I mean if they care about solving problems at all, and we are in fact correct about AGI ruin, then they should predictably come to view it as the most important problem and start to work on it?
Are you imagining they’re super myopic or lazy and just want to think about math puzzles or something? If so, my reply is that even if some of them ended up like that, I’d be surprised if they all ended up like that, and if so that would be a failure of the enhancement. The aim isn’t to create people who we will then carefully persuade to work on the problem, the aim is for some of them to be smart + caring + wise enough to see the situation we’re in and decide for themselves to take it on.
More so that I’m imagining they might not even have heard of the argument, and it’s helpful to note that people like Terence Tao, Timothy Gowers and more are all excellent people at their chosen fields, but most people that have a big impact on the world don’t go into AI alignment.
Remember, superintelligence is not omniscience.
So I don’t expect them to be self motivated to work on this specific problem without at least a little persuasion.
I’d expect a few superintelligent adults to join alignment efforts, but nowhere near thousands or tens of thousands, and I’d upper bound it at 300-500 new researchers at most in 15-25 years.
How much probability do you assign to automating AI safety not working in time? Because I believe the preparing to automate AI safety work is probably the highest-value in pure ability to reduce X-risk probability, assuming it does work, so I assign much higher EV to automating AI safety, relative to other approaches.
I think I’m at <10% that non-enhanced humans will be able to align ASI in time, and if I condition on them succeeding somehow I don’t think it’s because they got AIs to do it for them.
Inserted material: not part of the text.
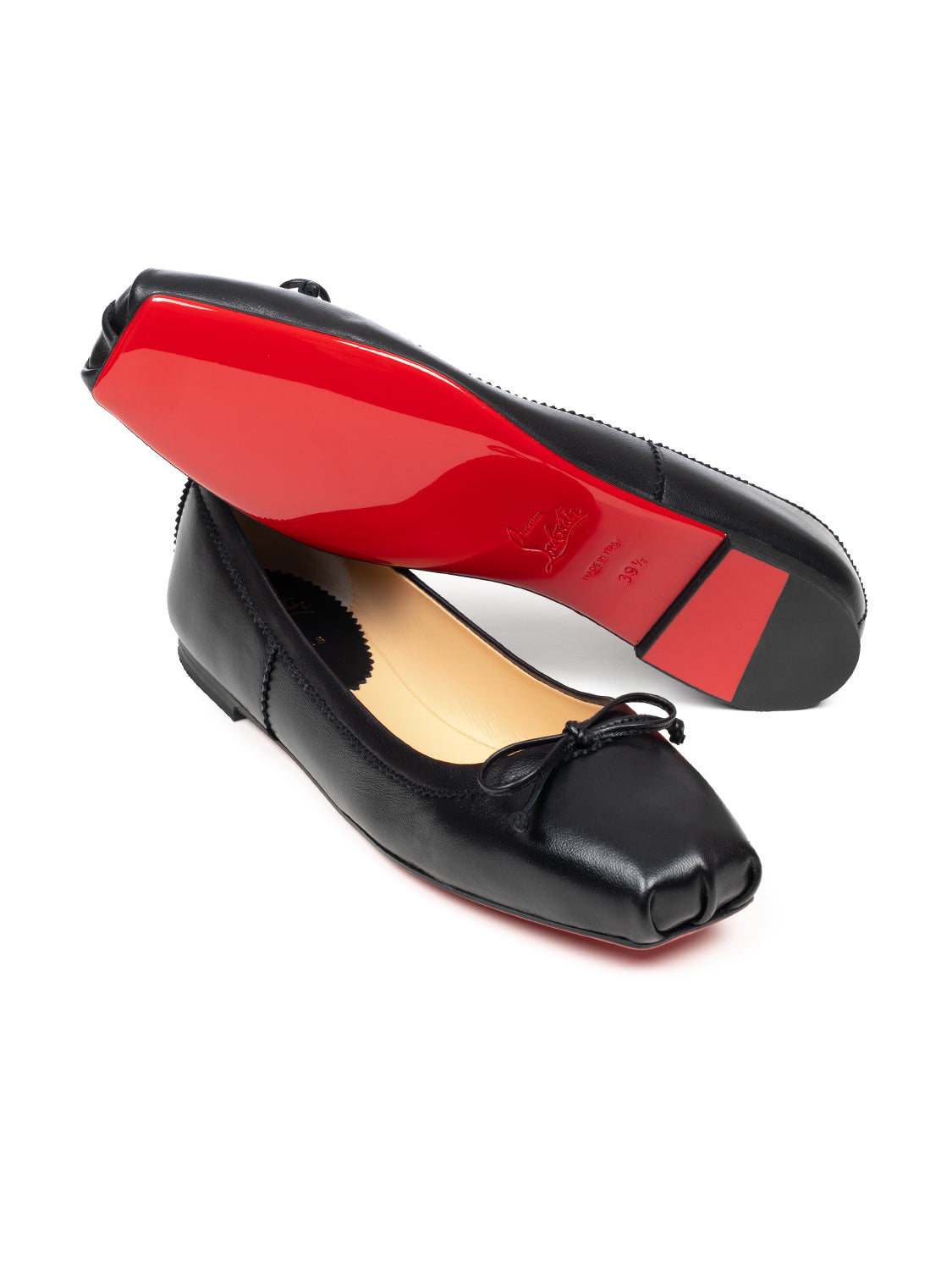 Der schwarze Ballerina Mamadrague aus edlem Lamm-Nappaleder überzeugt durch seine besonders weiche, anschmiegsame Haptik und eine elegante, puristische Ausstrahlung. Die aufwendige Sacchetto-Verarbeitung sorgt dafür, dass sich der Schuh flexibel an den Fuß anpasst und ein außergewöhnlich angenehmes Tragegefühl bietet. Charakteristisch ist die moderne, eckige Spitze, die durch eine feine Schleife auf der Vorderseite stilvoll ergänzt wird und dem Design eine feminine Leichtigkeit verleiht. Dezente Ziernähte betonen die klaren Linien des flachen Modells und unterstreichen seine hochwertige Verarbeitung. Abgerundet wird der Ballerina durch die innovative „Everlasting Red“-Sohle, die dank spezieller Beschichtung dauerhaft intensiv leuchtet und zugleich besonders widerstandsfähig ist – ein unverkennbares Markenzeichen von Christian Louboutin.

Like maybe you can automate some lower level things that might be useful (e.g. specific interpretability experiments), but at the end of the day someone has to understand in detail how the outcome is being steered or they’re NGMI. Not sure exactly what you mean by “automating AI safety”, but I think stronger forms of the idea are incoherent (e.g. “we’ll just get AI X to figure it all out for us” has the problem of requiring X to be aligned in the first place).
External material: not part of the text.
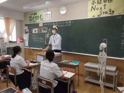 3年生は理科で、生物の進化について学習していました。今回は大川先生がダーウィンになって、標本模型を効果的に使いながら、楽しく授業を展開していました。(写真下)

As far as what a plan to automate AI safety would work out in practice, assuming a relatively strong version of the concept is in this post below, and there will be another post that comes out by the same author talking more about the big risks discussed in the comments below:
In general, I think the crux is that in most timelines (at a lower bound, 65-70%) that have AGI developed relatively soon (so timelines from 2030-2045, roughly), and the alignment problem isn’t solvable by default/it’s at least non-trivially tricky to solved, conditioning on alignment success looks more like “we’ve successfully figured out how to prepare for AI automation of everything, and we managed to use alignment and control techniques well enough that we can safely pass most of the effort to AI”, rather than other end states like “humans are deeply enhanced” or “lawmakers actually coordinated to pause AI, and are actually giving funding to alignment organizations such that we can make AI safe.”
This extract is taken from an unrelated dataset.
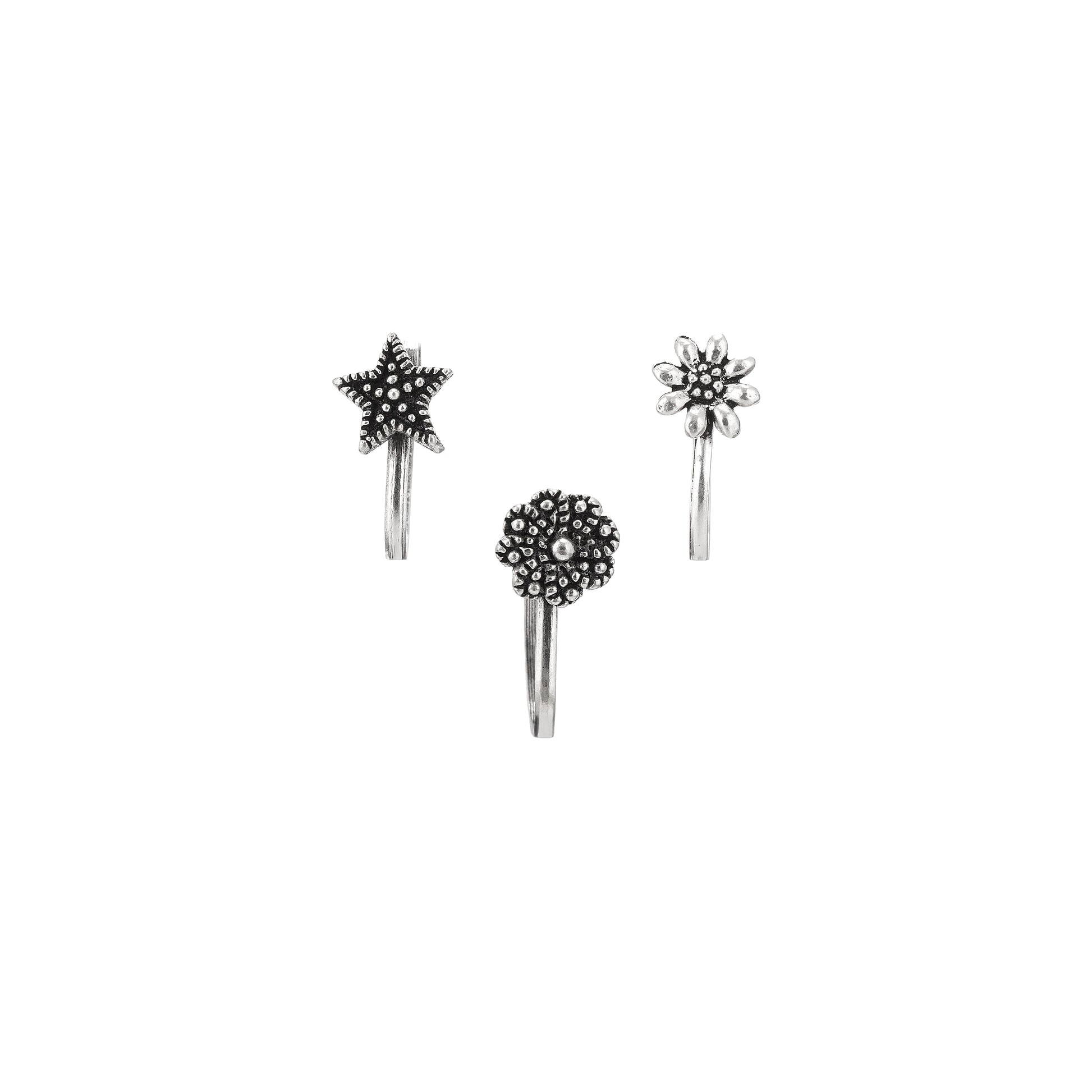 Add instant charm to your look with this elegant set of 3 sterling silver nose clips. Designed for women who prefer piercing-free style, the lightweight and adjustable design, it's a stunning traditional yet modern piece. It's easy-to-wear design makes it perfect for daily wear or festive occasions.

If they’re that smart, why will they need to be persuaded?
Because they might consider that other problems are more worth their time, since smartness changes change their values little.
And maybe they believe that AI alignment isn’t impactful for technical/epistemic reasons.
I’m confused/surprised I need to make this point, because I don’t automatically think they will be persuaded that AI alignment is a big problem they will need to work on, and some effort will likely still need to be required.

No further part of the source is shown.